Machine Learning

In the theoretical course “Machine Learning” the following concepts were seen:

Part 1: Introduction: basic terminology and concepts; nearest neighbor approaches, evaluation

Part 2: Learning based on discrete search spaces

  • decision trees: basic algorithm, heuristics, pruning strategies, missing value handling, multi-target trees
  • rule learning and inductive logic programming: search in a refinement lattice, subsumption, least general generalization
  • ensemble methods: boosting, bagging, random forests, bias-variance tradeoff in ensembles
  • automata, learning theory: algorithms for learning automata, sample complexity, VC-dimension, Rademacher complexity

Part 3: Learning based on numerical optimization and search in continuous spaces

  • Concepts of statistical learning: learning as optimization, loss functions, regularization
  • Artificial neural networks: basic principles, specific network structures, convolutional neural nets, recurrent neural nets, auto-encoders, generative adversarial networks
  • support vector machines: basic principles, SMO algorithm, kernels, sequence / tree / graph kernels
  • dimensionality reduction
  • methods based on matrix factorization

Part 4: Probabilistic models

  • overview of PGMs
  • inference and learning in these models
  • statistical relational learning: Problog, Markov logic, …
  • Reinforcement learning: state-action spaces, problem setting, Q-learning, deep reinforcement learning

In the practical course “Machine Learning”, AlphaZero (a ML program to master the games of chess, shogi and go) was used to solve the game Dots and boxes.

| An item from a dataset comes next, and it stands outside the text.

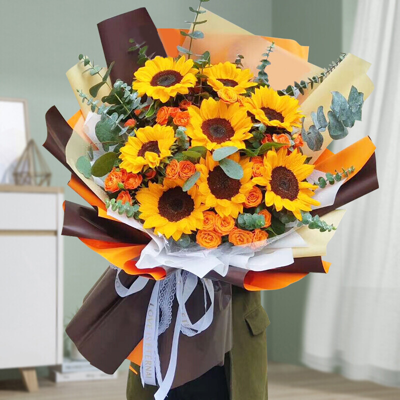 花 材:8支精品向日葵,搭配6支多头橙色小玫瑰(若断货则用6支洋桔梗代替),尤加利叶装饰。

AlphaGo employs neural networks and Monte Carlo Tree Search (MCTS). Neural networks predict moves and evaluate board positions, guiding MCTS exploration. The policy network suggests strong moves, while the value network estimates position strength. AlphaGo learns through supervised and reinforcement learning from human and self-play games. These strategies enable it to understand complex Go positions and make strategic decisions that surpass human expertise.

In the theoretical course “Data Mining”, many more ML techniques were seen.